Syru baby, pow-pow
Swizzy na bicie ziomal
Zmęczonym okiem patrzę jak rusza się przy rurze
Od kilku mordo lat ciągle jestem w podróży
Nie odstawiam butli, bo kurwa się zakurzy (nigdy)
Najebany wchodzę w trzy-trzy tysiące ludzi
Na twoim show jest stypa i cisza jak po burzy
Na moim jest i burdel aż się kurzy
Na raz kurwa pół litra i to się nie powtórzy (nie)
Jak dzisiaj się nie zrzygam, to mogę się przewrócić (oh)
Kolega wącha koks, chyba dam się namówić
Jak będę miał ochotę, to mogę sobie kupić
Jak się ciągle robi chleb, to trzeba się ubrudzić (oh)
Marzyłem o tym syfie, nie mogę marudzić (pow)

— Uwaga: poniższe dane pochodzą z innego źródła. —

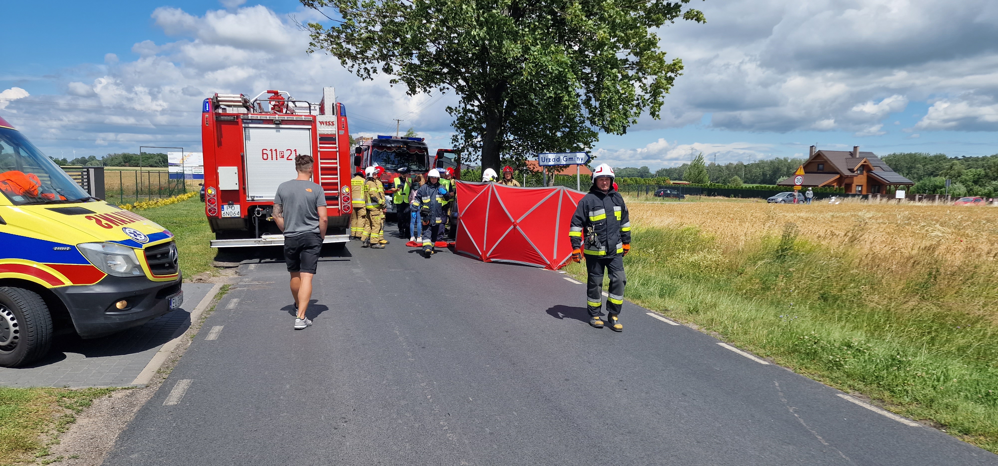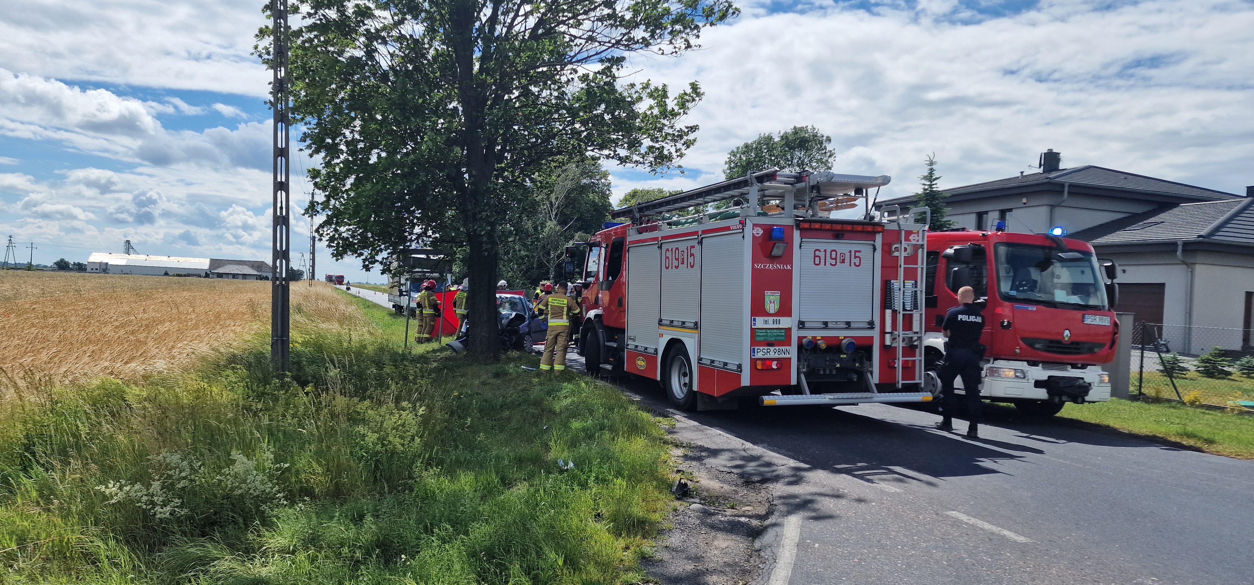 Kierujący samochodem osobowym, z niewyjaśnionych przyczyn stracił panowanie nad pojazdem, zjechał z drogi i uderzył w drzewo. Do działań natychmiast zostały zadysponowane trzy zastępy strażaków z Jednostki Ratowniczo – Gaśniczej w Środzie Wlkp. oraz jednostki OSP Dominowo i OSP Mączniki. Strażacy po przybyciu na miejsce zdarzenia przystąpili do udzielania kwalifikowanej pierwszej pomocy, wykonując resuscytację krążeniowo - oddechową. Niestety przybyły na miejsce lekarz z Zespołu Ratownictwa Medycznego stwierdził zgon poszkodowanego. Dalsze działania polegały na zabezpieczeniu miejsca zdarzenia oraz neutralizacji płynów eksploatacyjnych wyciekających z rozbitego pojazdu. W wyniku zdarzenia ruch na drodze pomiędzy miejscowościami Dębicz - Chłapowo był wstrzymany przez kilka godzin. Czynności wyjaśniające okoliczności zdarzenia prowadzi Policja pod nadzorem prokuratora.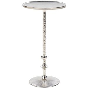 Modern End Table. Your framed photos, potted plant or a fruit bowl will look fantastic when placed on this stylish end table. Presenting ornamental base and glossy silver finish, it will certainly turn the eyes of your guests. The piece comes handy when styled next to your sofa, but you can use it as well in a hallway or a bedroom as a spot for all kind of knick-knacks. Combining traditional look with modern form, it adds plenty of character to any interior. Details: Product Type: Side Table Style: Modern General Color: Silver Material Type: Metal Main Material: Aluminium Legs material: Metal Top Material: Metal Shape: Round Finish: E-Coating Storage: No Dimensions: Width: 32 cm Length: 32 cm Height: 61 cm Weight: 3 kg Weight Capacity: 12 kg Offer Includes: 1 x Side Table Key Features: Trendy Design and Colour, Makes Your Interior Stylish, Modern Look and Quality for Many Years, High Quality, Unique Handmade Piece, Exceptionally Easy Care Assembly Information: Partial Assembly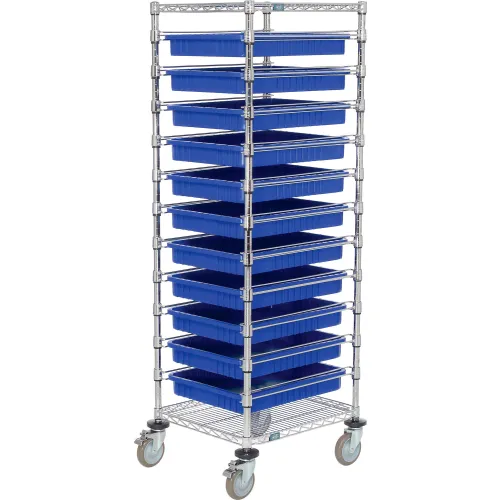 Global Industrial Chrome Wire Cart With (11) 3"H Blue Grid Containers, 21x24x69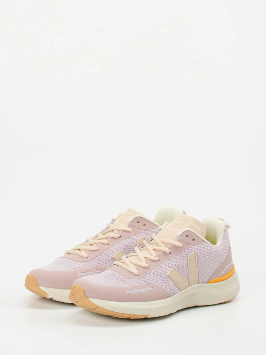 Pastelltrend für aktive Tage.Veja bringt mit diesem Damen-Laufsneaker einen vegan verarbeiteten Klassiker modern interpretiert zurück. Ob beim Stadtspaziergang oder im Fitnessstudio – das atmungsaktive Mesh-Obermaterial in zartem Rosé mit pfirsich-beigen und sonnengelben Akzenten sorgt für frischen Stil und funktionale Leichtigkeit. Die matte Textur, ein gepolsterter Einstieg sowie die verstärkte Ferse bieten ein angenehmes Tragegefühl. Dank Schnürung individuell anpassbar, unterstützt durch eine flexible Gummisohle mit griffigem Profil. Im angesagten Pastell-Look reiht sich das Modell perfekt in die Athleisure-Trends ein. Veja überzeugt mit nachhaltigem Design und vielseitiger Alltagstauglichkeit.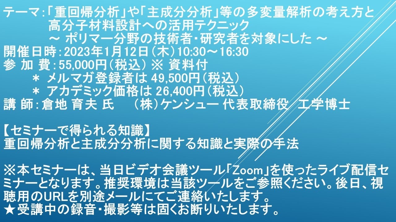 先端技術情報や市場情報を提供している(株)シーエムシー・リサーチ(千代田区神田錦町: https://cmcre.com/ )では、 各種材料・化学品などの市場動向・技術動向のセミナーや書籍発行を行っておりますが、 このたび「「重回帰分析」や「主成分分析」等の多変量解析の考え方と高分子材料設計への活用テクニック」と題するセミナーを、 講師に倉地 育夫 氏 (株)ケンシュー 代表取締役 工学博士)をお迎えし、2023年1月12日(木)10:30より、 ZOOMを利用したライブ配信で開催いたします。 受講料は、 一般:55,000円(税込)、 弊社メルマガ会員:49,500円(税込)、 アカデミック価格は26,400円(税込)となっております(資料付)。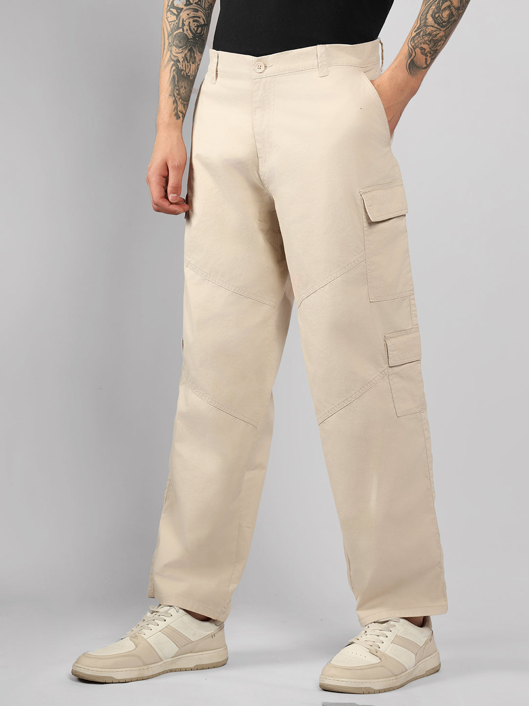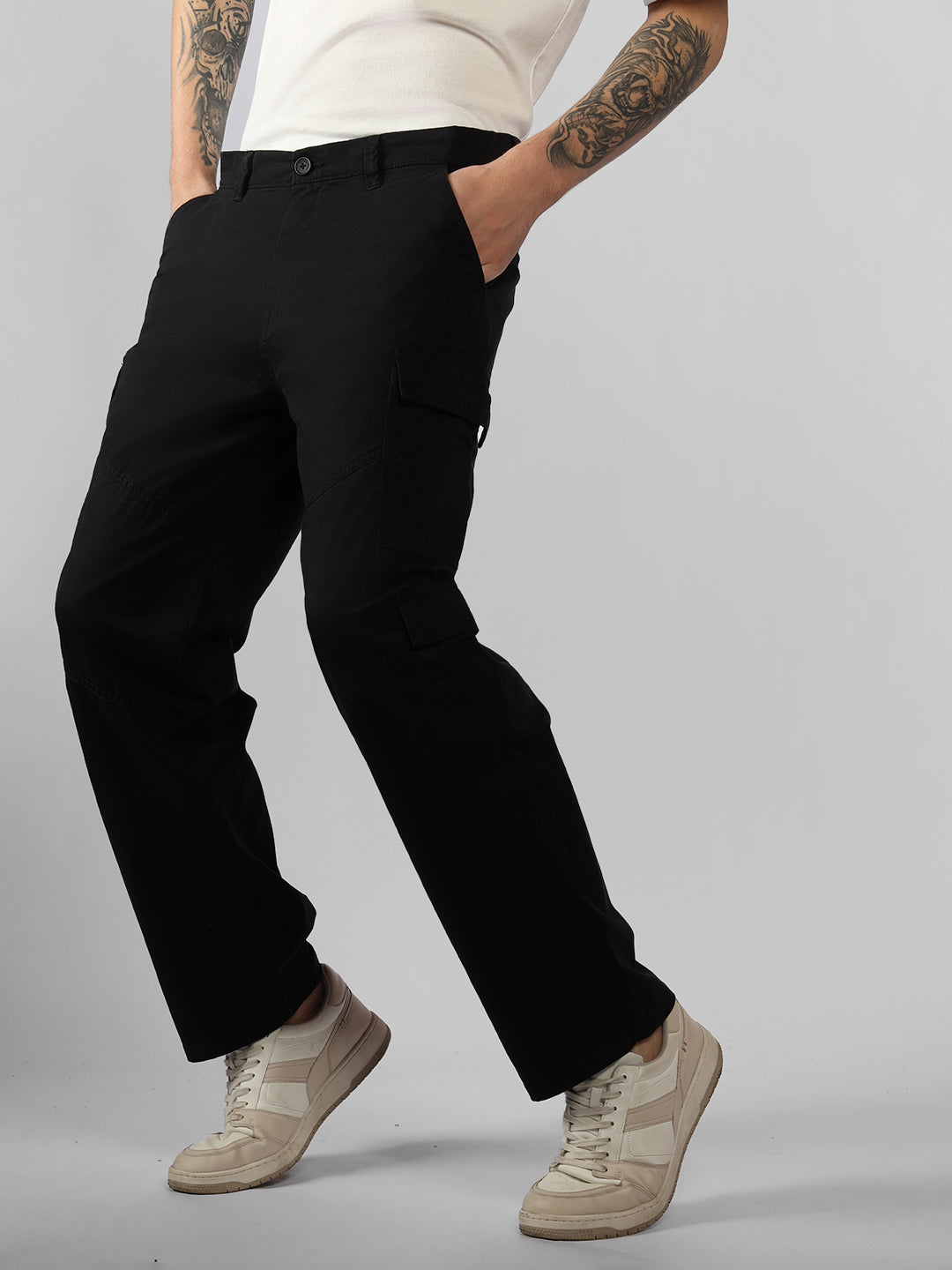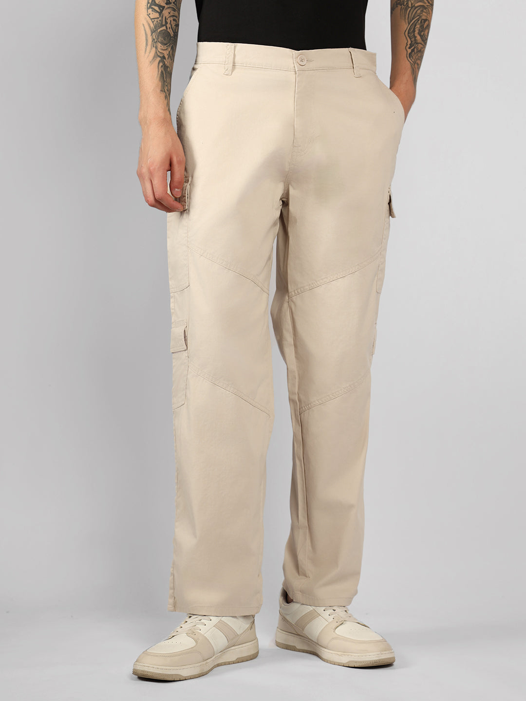Men's Solid Straight Fit Parachute Cargo Trousers

Musi być kurwa ogień jak w Imieniu Róży
U mnie cipki drą mordę jak wydech Hayabusy
I wyjdą spocone jak nieuk po maturze
Każda obite flaki jak po awanturze (pow, pow, pow, pow)
Kładę palce na myszkę jak przy klawiaturze
Lubię jak jest mokra, że zostawia kałużę
Jest ciągle na kolanach przy aparaturze (aah)
Najpierw zarabiam klops, potem biorę w naturze (ej)
Mówi, że lubi dragi że lubi tatuaże
Ciągle robi kiełbasę jakby była masarzem (aaa)
Wróciła z Holandii, gdzie robiła masaże (aaa)
I ciągle stawia maszty, jakby była marynarzem (jej)
Przy sobie mam laskę jak kulawy starzec
Co ciągle robi laskę, bo inaczej się obrażę (oh)
Musiałem dziwkę zbadać, bo był stres, że się zarażę
Najpierw wzięła klona, potem wzięła ekstazę (fu)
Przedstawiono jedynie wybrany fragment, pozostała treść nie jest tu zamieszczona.